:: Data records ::
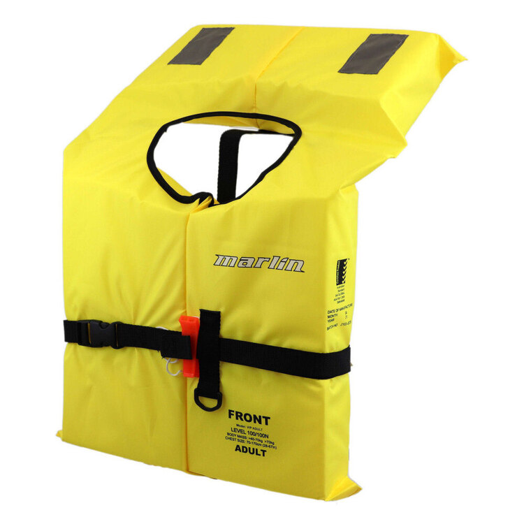 Certified to Australian Standard AS4758.1, the Marlin Adult VIP Level 100 Foam PFD Life Jacket is great for humans over 40 kilograms and features a whistle for attracting attention. This PFD is a highly visible bright yellow colour for maximum effectiveness. The PFD is lightweight at approximately 650 grams and is suitable for offshore use, this PFD is suitable for body mass over 40 kilograms.
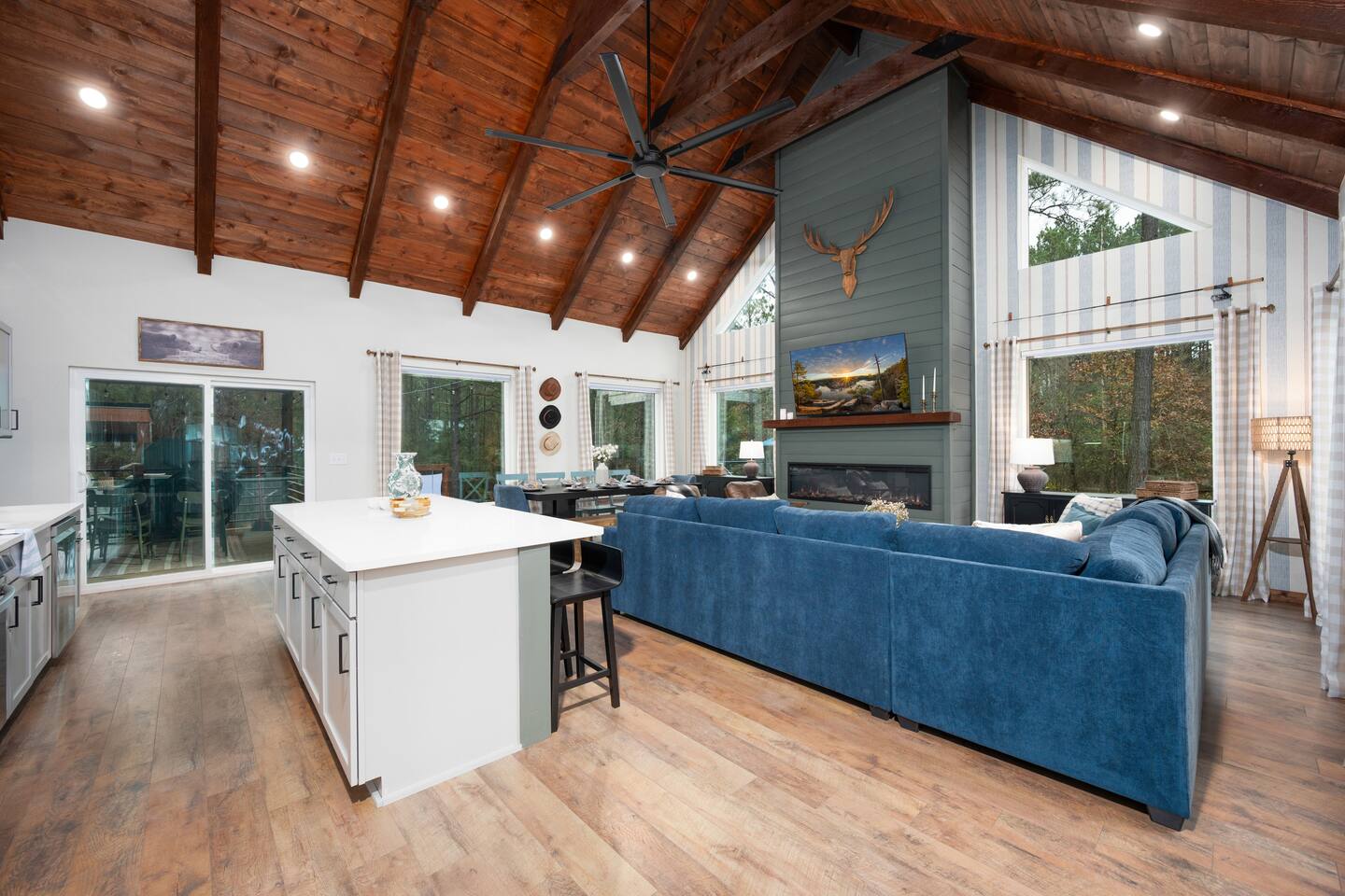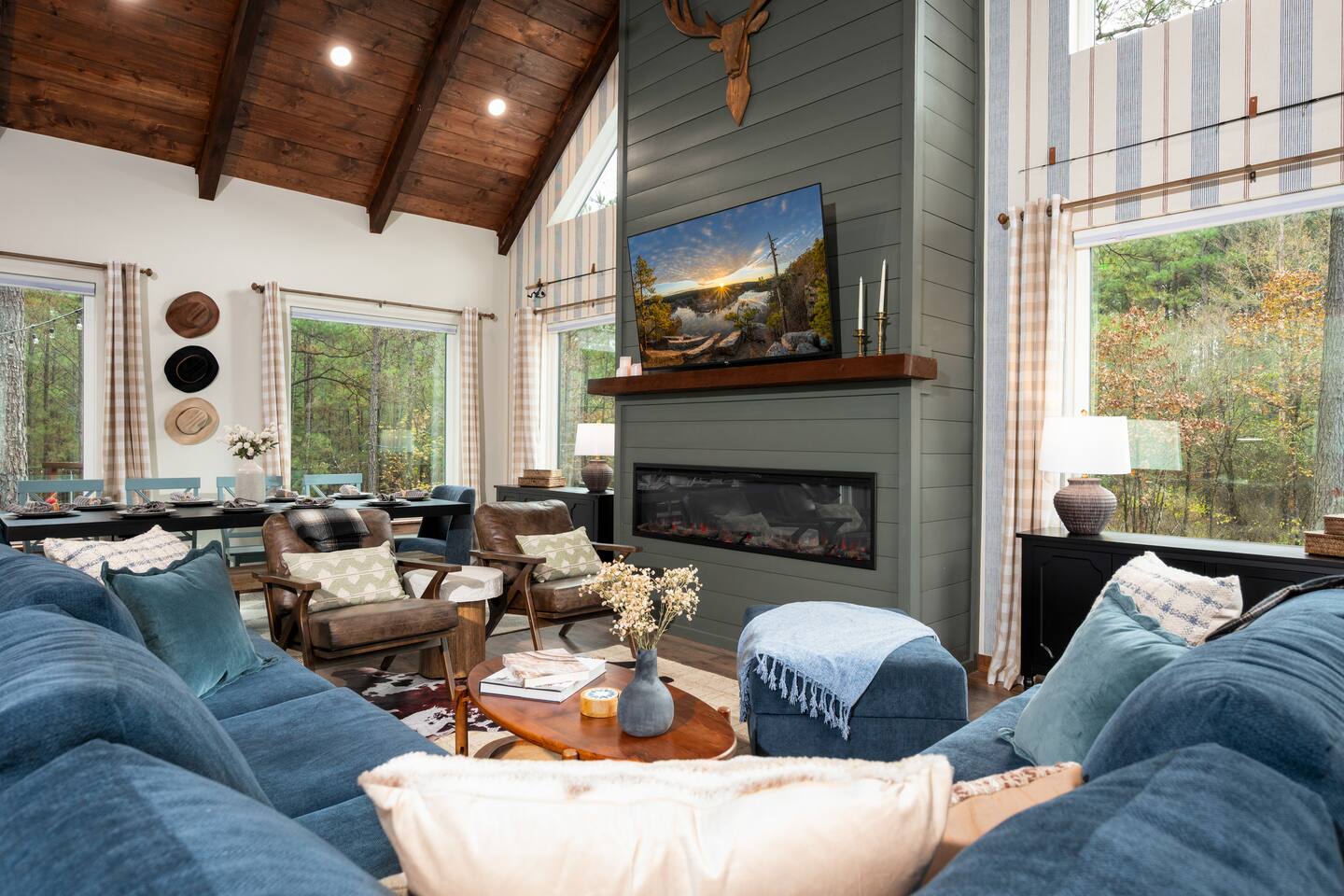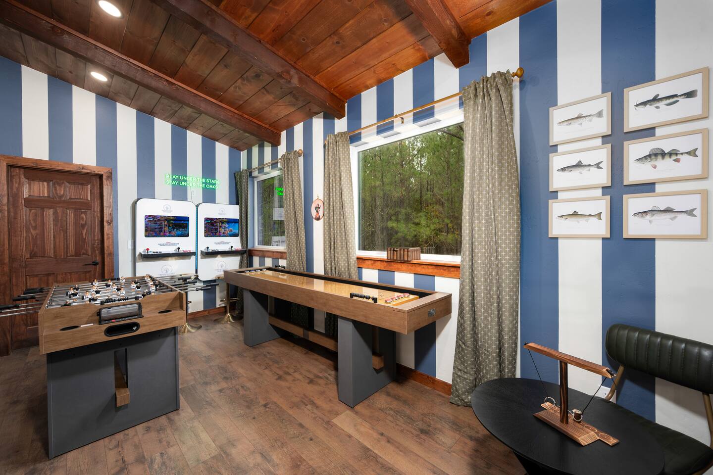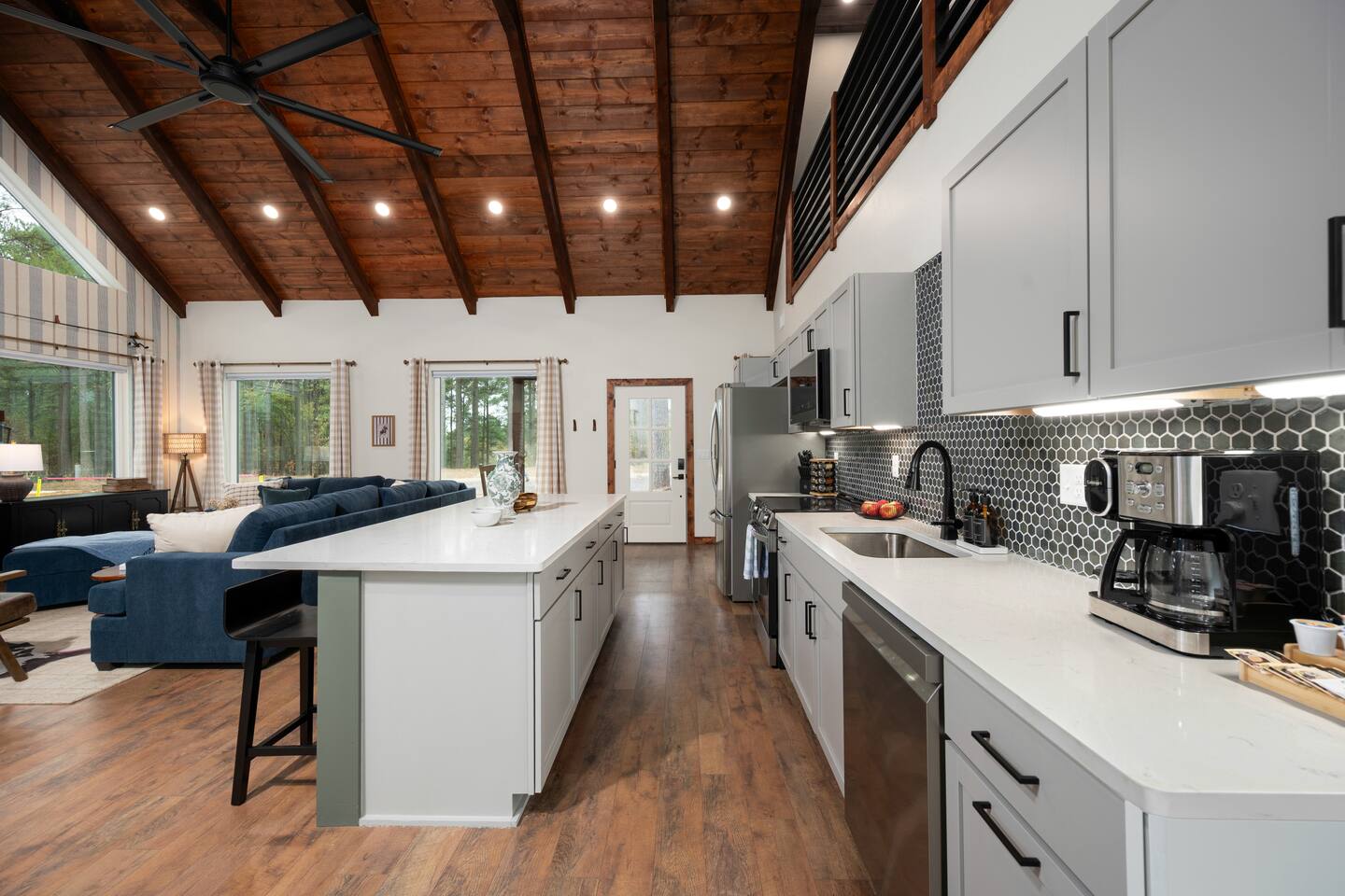 ✨ Hidden Oaks Hideaway - Where Luxury Meets Nonstop Fun in the Broken Bow Woods ✨ Welcome to Hidden Oaks Hideaway, a spacious 2,000 sq ft retreat tucked away on 1.5 acres of peaceful forest - perfect for families, friends, and group getaways. This modern cabin sleeps up to 15 guests with 4 bedrooms and 3 bathrooms, all designed for comfort, connection, and unforgettable fun. Step inside to soaring vaulted ceilings, large windows with serene forest views, and an open living area ideal for gathering. Cozy up by the stone fireplace or enjoy movie nights on the 65" Smart TV. The fully stocked kitchen includes: ☕ Keurig Coffee Maker 👩🏻🍳 Crock Pot, Blender, Mixer, Griddle, Toaster 🍴Plenty of Cookware, Utensils & Serveware Enjoy meals together with seating for 10 at the dining table plus 5 at the island - perfect for celebrations, holidays, and family feasts. 🌲 Outdoor Oasis Your private outdoor playground includes: 🏓 THE ORIGINAL Glow Pickleball / Basketball Court 🎬 Outdoor Movie Theater w/ Projector & Screen 🔥 Cozy Fire Pit Lounge ♨️ Cedar Sauna + Hot Tub on Lower Deck 🍔 Patio with Grill, Outdoor Dining Table 🍻 Covered Lounge Area w/ Outdoor Fireplace 🎨 Custom Broken Bow Mural 🛝 Kids’ Playground 🛶 Paddleboards, Kayaks & Life Jackets 🅿️ Parking for 6 vehicles + Trailer/Boat Space ⚡ EV Charger 🛏️ Bedrooms & Bathrooms - 1 King Suite w/ Sleeper Sofa & Ensuite Bath - 1 Queen Bedroom w/ Main Level Bathroom - 1 Double Queen Bedroom - 1 Bunk Room with 2 Full and 1 Twin Trundle Bed - Shared Upstairs Bathroom 🎮 Fun for Everyone! The upstairs loft game room is an entertainment paradise: 🥌 Shuffleboard 🥅 3-in-1 game table (foosball, air hockey, ping pong) 👾 2 arcade machines w/ 1,000+ classic games ♟️ Board games for all ages 🐾 Additional Amenities - Pet-friendly (fee applies) - High-speed WiFi - Pack ’n Play + highchair provided 📍 Location You’ll be close to everything Broken Bow has to offer: - 7 min – Hochatown dining & breweries - 8 min – Choctaw Landing Casino - 16 min – Broken Bow - 17 min – Beavers Bend State Park - 19 min – Broken Bow Lake 🌟 Perfect for Relaxation, Adventure & Memory-Making Whether you're soaking in the hot tub under twinkle lights, challenging friends to pickleball, or watching a movie under the stars, Hidden Oaks Hideaway is designed for connection, comfort, and unforgettable experiences. We’re committed to making your stay exceptional. If you need anything during your visit, we’re just a message away. 🌿 Before Booking Our cabin is nestled deep in beautiful Broken Bow forest. While we schedule regular professional pest control, sightings of insects or critters are still possible in wooded areas. Please keep doors closed and store food properly.
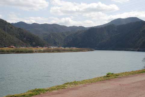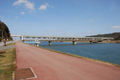 豆茶香を出てすぐ前にある土手にあがると、ゆったりと流れる江の川が広がります。
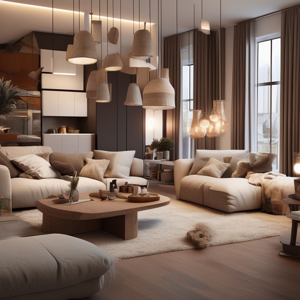 A modern living room, warm lighting, cozy textures
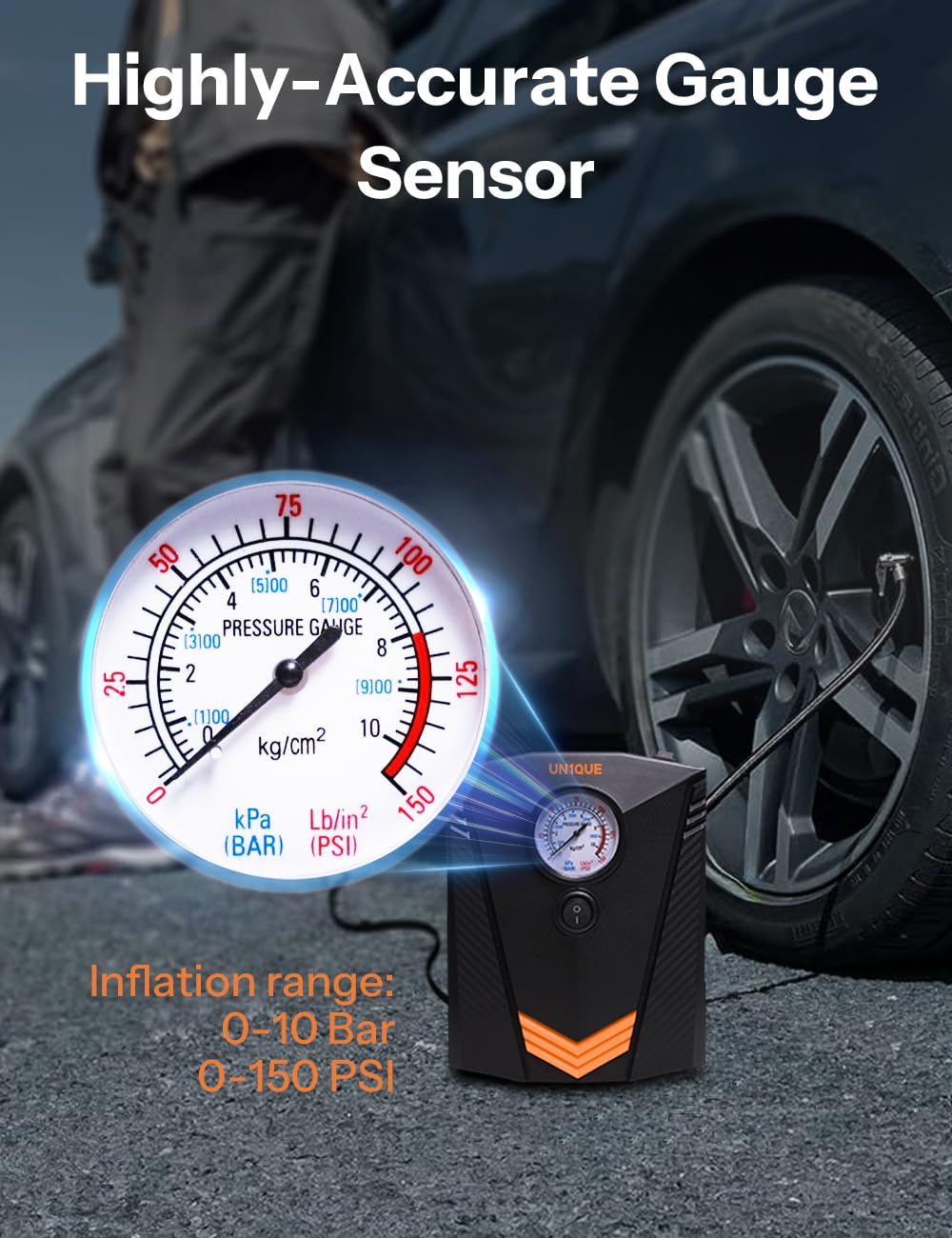 【EASY TO USE】: Just plug this auto tire inflator into the 12V power outlet in your car and attach the hose to the tire. Features a precision pressure gauge for real-time monitoring and crystal-clear visibility of inflation progress.
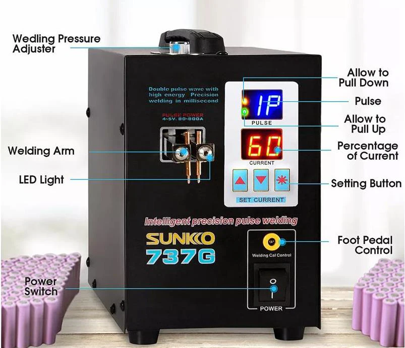Точечный сварочный аппарат SUNKKO 737G, импульсный точечный сварочный агрегат кВт, 18650, светодиодный светильник, аккумулятор, бесплатная доставка
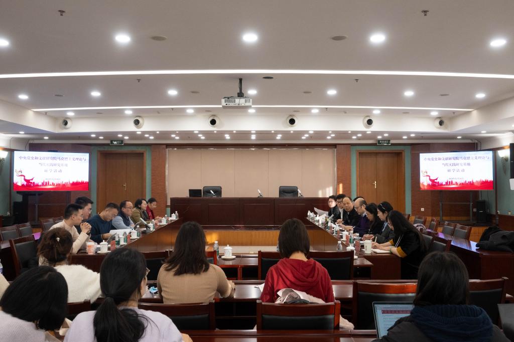16日上午,师生代表前往中央党史和文献研究院进行座谈交流,会议由中央党史和文献研究院第四研究部副主任胡长栓教授主持。会上,胡长栓首先对基地师生来访表示热烈欢迎,并简要介绍了出席座谈会的主要人员、研究院的基本情况和第四研究部的主要工作职责。邱辰简要汇报了学校、学院基本概况和基地建设情况,并向中央党史和文献研究院长期以来的关心支持表示诚挚感谢。中央党史和文献研究院第六研究部副主任刘亮从历史沿革、新时代新成就、未来愿景三个方面详细介绍了中央文献对外翻译工作的进展,第五研究部综合处处长付哲分享了马恩列著作编译情况,第四研究部马克思主义基本理论研究处副处长李百玲、国外马克思主义研究处副处长范为,第四研究部综合处三级调研员刘思妗分别介绍了第四研究部有关马克思主义基本理论、国外马克思主义研究和智库建设情况。在互动环节,同学们积极提问,围绕马恩经典著作阅读建议、前沿问题追踪渠道、原文引用方法、学术交叉研究等内容与研究院各位专家进行了深入交流,让同学们深受启迪,收获颇丰。

:: WHAT TO DO ::
The expected output is the exact run of lines from the one containing "A modern living" through the final line of the data above, both ends included, with no pictures.

:: RESULT ::
 A modern living room, warm lighting, cozy textures
 【EASY TO USE】: Just plug this auto tire inflator into the 12V power outlet in your car and attach the hose to the tire. Features a precision pressure gauge for real-time monitoring and crystal-clear visibility of inflation progress.
Точечный сварочный аппарат SUNKKO 737G, импульсный точечный сварочный агрегат кВт, 18650, светодиодный светильник, аккумулятор, бесплатная доставка
16日上午,师生代表前往中央党史和文献研究院进行座谈交流,会议由中央党史和文献研究院第四研究部副主任胡长栓教授主持。会上,胡长栓首先对基地师生来访表示热烈欢迎,并简要介绍了出席座谈会的主要人员、研究院的基本情况和第四研究部的主要工作职责。邱辰简要汇报了学校、学院基本概况和基地建设情况,并向中央党史和文献研究院长期以来的关心支持表示诚挚感谢。中央党史和文献研究院第六研究部副主任刘亮从历史沿革、新时代新成就、未来愿景三个方面详细介绍了中央文献对外翻译工作的进展,第五研究部综合处处长付哲分享了马恩列著作编译情况,第四研究部马克思主义基本理论研究处副处长李百玲、国外马克思主义研究处副处长范为,第四研究部综合处三级调研员刘思妗分别介绍了第四研究部有关马克思主义基本理论、国外马克思主义研究和智库建设情况。在互动环节,同学们积极提问,围绕马恩经典著作阅读建议、前沿问题追踪渠道、原文引用方法、学术交叉研究等内容与研究院各位专家进行了深入交流,让同学们深受启迪,收获颇丰。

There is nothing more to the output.